Mark Gong é simplesmente o mais fixe de todos O espetáculo FW25 apresentado ontem em Xangai foi um triunfo
São apenas quatro coleções até à data de Mark Gong, um jovem designer chinês que estreou-se em outubro de 2023 na Shanghai Fashion Week e, num curto espaço de tempo, tornou-se o designer mais amado internacionalmente em Xangai. O espetáculo FW25 de ontem, então, veio como uma espécie de “volta da vitória” depois de uma das criações de Gong ter aparecido em fevereiro na megastar tailandesa Lisa durante a cerimónia dos Óscares. Para além do estilo impecável e da extraordinária coesão das suas coleções, o que torna Mark Gong e os seus programas especiais é um sentido de narrativa e teatralidade que parece derivar diretamente dos “espetáculos temáticos” que tornaram Galliano e McQueen lendários nos anos 90. O seu primeiro programa girava em torno do mundo do escritório e das mulheres de carreira, o segundo imaginava uma série de mulheres elegantes que, depois de beberem demais, saíam da casa do seu amante no meio da noite; o terceiro, desenhado em Sex & The City, imaginava um grupo de donas de casa ricas de Nova Iorque a rebelar-se contra os deveres domésticos, enquanto o programa de ontem foi dedicado às it-girls do início dos anos 2000 como Paris Hilton, Lindsay Lohan e Britânica Ney Spears. O talento de Gong surgiu plenamente na sua capacidade de canalizar essa imagem sem referenciá-la diretamente: em vez de simplesmente replicar, o designer reinterpretou — tornando as suas referências claramente evidentes sem reduzi-las a uma citação nostálgica plana.

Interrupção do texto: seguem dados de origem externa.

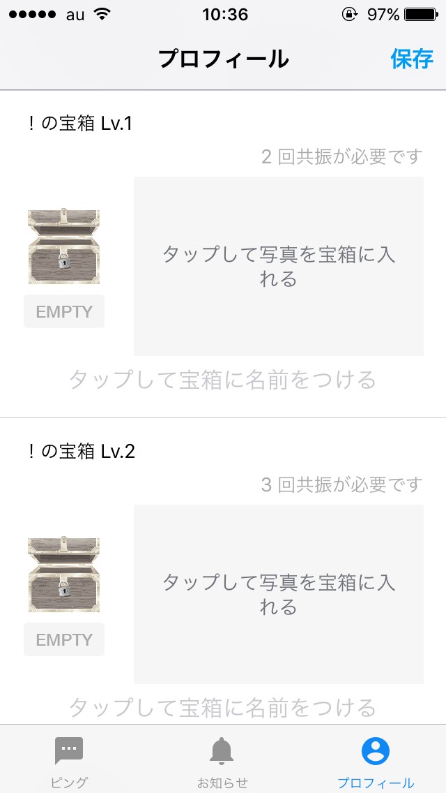 プロフィールではアイコン写真の変更や性別や誕生年などの基本情報の変更が可能です。宝箱に写真を入れることができ、2回、3回、5回、8回と共振した人にそれぞれ回数に応じた宝箱が開示されるシステムがあります。何度も共振して気の合う人にしか見せない特別な写真を最後の宝箱に入れておくなど使い方はあなた次第です。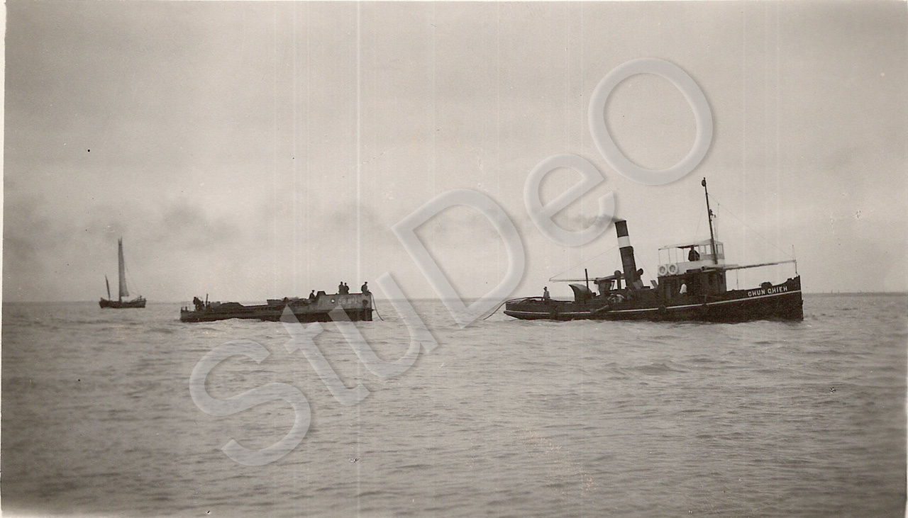 Beschreibung: Schiff der Hai Ho Conservancy Comission hat ein  Boot im Schlepptau auf dem Hai Ho.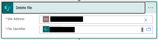 We pass in the GUID we got from the Get the file metadata Action as the File identifier to delete the original file.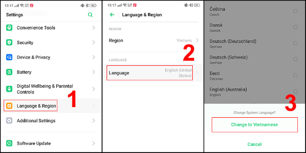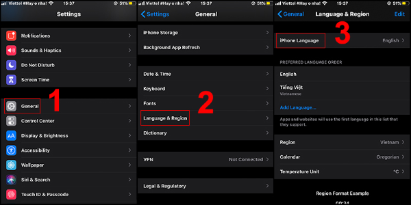 Đi tới Ngôn ngữ & Khu vực (Language & Region) > Chọn Ngôn ngữ (Language) > Chọn Tiếng Việt > Xác nhận thay đổi sang Tiếng Việt (Change to Vietnamese) > Nhập mật khẩu thiết bị (nếu có yêu cầu).

A par de uma série de looks muito fortes com jaquetas de ampulheta com lapelas com acabamento em pele e conjuntos de saia elegantes e provocantes, havia alguns elementos que poderiam ter parecido derivativos: os casacos de grandes dimensões com cinturas caídas usadas sobre vestidos transparentes, bem como algumas blusas transparentes, lembravam um pouco a Saint Laurent; os cardigãs e blusas recortados combinados com saias de trabalho e calças sob medida acenaram para Miu Miu; algumas das opções de estilo mais inspiradas no Y2K ecoou a irreverência lúdica do DSQUARED2. No entanto, todos esses ecos (que não são uma coisa negativa, considerando que quase todas as marcas hoje se inspiram fortemente nas coleções da Prada e Miu Miu) permaneceram ecos sem se tornarem meras cópias — Gong incorporou essas referências ao seu estilo e as tornou suas. Particularmente marcantes foram os vestidos blazer com um toque dos anos 60, renovados por uma bainha de saia ultracurta; os looks diurnos, com calças superdimensionadas e mini cardigans, surgiram como versões idealizadas de um estilo que muitos aspiram hoje, misturando uma mistura de robustez e charme; os looks de topless onde os torsos das modelos eram cobertos apenas por uma estola de pele ou um casaco. Não faltou um sentido auto-irónico de acampamento: a t-shirt “I love Mark Gong, Money & Boys” foi divertida, assim como a estatueta do Óscar carregada por uma modelo, piscando para o look de Lisa da cerimónia dos Prémios da Academia deste ano. Um tipo de ironia amiga da Internet que é quase impossível de encontrar hoje em dia — especialmente quando combinada com uma série tão formidável de vestidos mini tube, saltos altos e estolas de pele real.
A visão de Gong era tão vívida porque as inspirações e referências que ele fez às passadas it-girls se encaixam num quadro estético que tornou a coleção, como mencionamos anteriormente, particularmente coesa: em primeiro lugar em termos de cores, mas ainda mais em termos de tom e atitude. Este não é um detalhe menor porque essas referências não eram inteiramente novas — mas mantiveram a sua frescura precisamente porque eram referências e não citações diretas. Por outras palavras, a visão de Gong surge tão clara e fascinantemente porque o designer se esforça para ser original sem pedir emprestadas as suas ideias aos outros ou exagerar os seus looks a ponto de torná-los impraticáveis. As chamadas “Gong Girls” não são apenas sensuais — são também extremamente fixas. Tanto que, após a progressão na carreira de Gong e ao vê-lo vestir uma das melhores divas pop do mundo, poder-se-ia perguntar quanto tempo vai demorar até que um grande grupo europeu de luxo lhe entregue as chaves de uma das suas maisons. Para além das muitas peças com bolso de carga que Gong parece amar (e que incorporou muito moderadamente no programa de ontem), o seu toque seria perfeito para várias marcas italianas ou parisienses que atualmente estão um pouco criativamente perdidas. No geral, as coleções da Gong poderiam ser facilmente apresentadas em Paris sem temer a comparação com outras marcas.